Fallopian tube


Fallopian tube: One of the two Fallopian tubes that transport the egg from the ovary to the uterus (the womb). In the diagram, the Fallopian tubes are not labeled but are well shown running between the uterus and ovaries.

The Fallopian tubes have small hair-like projections called cilia on the cells of the lining. These tubal cilia are essential to the movement of the egg through the tube into the uterus. If the tubal cilia are damaged by infection, the egg may not get ‘pushed along’ normally but may stay in the tube.

Infection can also cause partial or complete blockage of the tube with scar tissue, physically preventing the egg from getting to the uterus.
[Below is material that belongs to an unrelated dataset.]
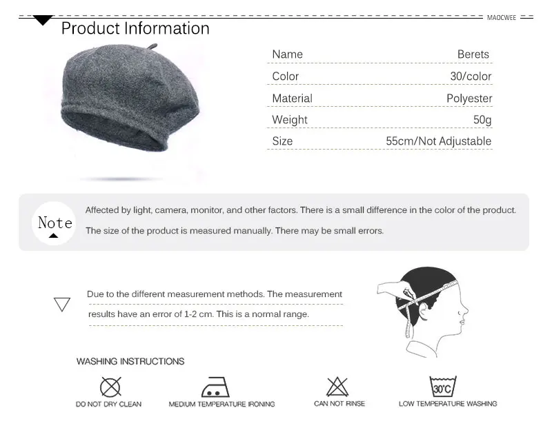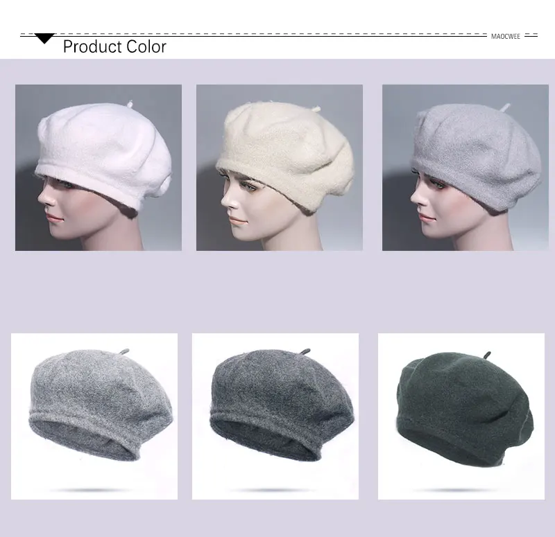 Береты Женские однотонные из искусственной шерсти, Осень-зима 2019
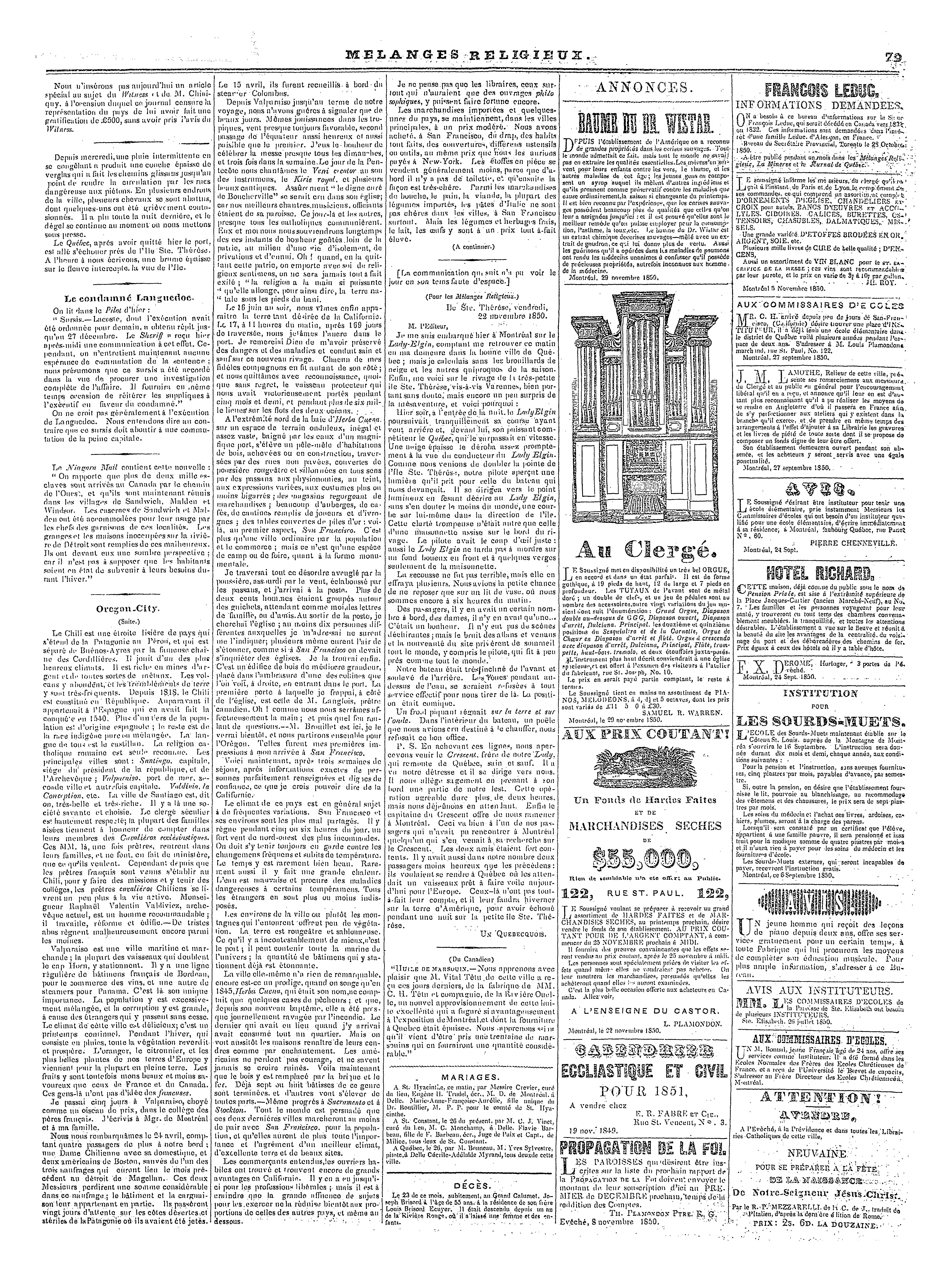 Mélanges religieux, politiques, commerciaux et littéraires : [Vol. 14, no 19 (29 nov.1850)]

Any process (such as infection, endometriosis, tumors, or scar tissue in the pelvis (pelvic adhesions) that cause twisting or chinking of the tube) that damages the Fallopian tube or narrows its diameter increases the chance of an ectopic pregnancy: a pregnancy developing in the Fallopian tube or another abnormal location outside the uterus.

These tubes bear the name of Gabriele Falloppio (also spelled Falloppia), a 16th-century (c. 1523-62) Italian physician and surgeon who was expert in anatomy, physiology and pharmacology. He was an early expert on syphilis and one of the great surgeons of the age. Of the various works by Falloppio only the “Observationes anatomicae”, a work of great originality, was published during his lifetime. In it he made a number of contributions to the knowledge of centers of ossification, to the detailed account of muscles, and to the understanding of the vascular system and the kidneys. His description of the uterine tubes was sufficiently accurate that they bear his name. With Vesalius and Eustachi, Fallopio is often seen as one of the three heroes of anatomy.